8.10. Prohibition on dealings or transactions between Cells
8.10.1. A Protected Cell Company shall not:
- (a) transfer a Cellular Asset attributable to one of its Cell to another of its Cell; or
- (b) merge or consolidate a Cell of the Company with, or into, one or more other Cells of the Company; except under the authority of, and in accordance with the terms and conditionsof, an order of the Court.

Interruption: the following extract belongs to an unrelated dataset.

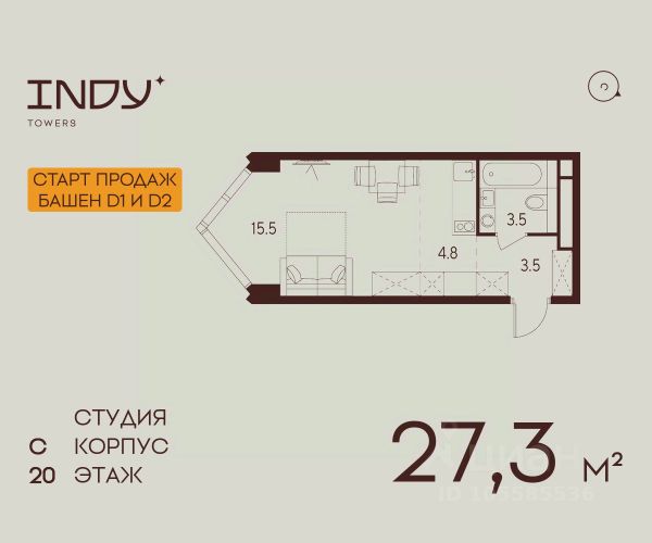 Продажа от застройщика. Продается просторная студия на 24 этаже жилого комплекса Indy Towers. Вид из окон: во двор. Срок сдачи: 4 кв. 2026 г. Отделка: Квартиры продаются с отделкой WhiteBox. - Вам не придется заниматься черновыми работами. - Возможность реализовать любой дизайн-проект. Расположение: Комплекс расположен в Хорошевском районе Москвы, на улице Куусенина, в окружении почти 150 гектаров парков для прогулок и активного отдыха. Помимо этого, рядом с комплексом есть: - Детская международная академия тенниса - Ледовый спортивный комплекс ЦСКА - Футбольный стадион "ВЭБ-Арена" - Крупнейший в Европе торовый центр "Авиапарк" - Богатый выбор государственных и частных школ - 8 парков, окружающих комплекс Транспортная доступность: - 3 минут до метро Зорге - 2 минуты пешком до парка Березовая роща - 10 минут на машине до ТТК - 8 минут на машине до ТРЦ Авиапарк Внутренняя инфраструктура Indy Towers: - Кафе и продуктовые магазины - Тайский SPA - Фитнес зал - Комьюнити-зона - Детский клуб Аквилон KIDS - Детский сад Преимущества: - Технология энергоэффективности Termo-S, снижающая теплопотерю домов и позволяющую экономить на электроснабжении - Soundstop - технология дополнительной шумоизоляции на 39 дБ в квартирах с WhiteBox и чистовой отделкой - Система умного дома inHome 3.0 позволит контролировать коммунальные расходы, оплачивать счета и пользоваться услугами, не выходя из умного дома

8.10.2. In considering whether or not to make an order relating to a proposed transfer, merger or consolidation referred to in subrule 8.10.1, the Court may:
- (a) require the applicant to establish to the satisfaction of the Court:
(i) that the creditors of the Protected Cell Company entitled to have recourse to the Cellular Assets attributable to the relevant Cells consent to the transfer, merger or consolidation as the case may be or otherwise would not have their interests unfairly prejudiced by the transfer, merger or consolidation; and
(ii) that the Shareholders of the Protected Cell Company and of each relevant Cell consent to the transfer, merger or consolidation as the case may be or otherwise would not have their interests unfairly prejudiced by the transfer, merger or consolidation; and
- (b) hear the representations of the AFSA, if any.
8.10.3. The Court, on hearing an application for an order under this rule 8.10, may make an interim order or an order adjourning the hearing, conditionally or unconditionally.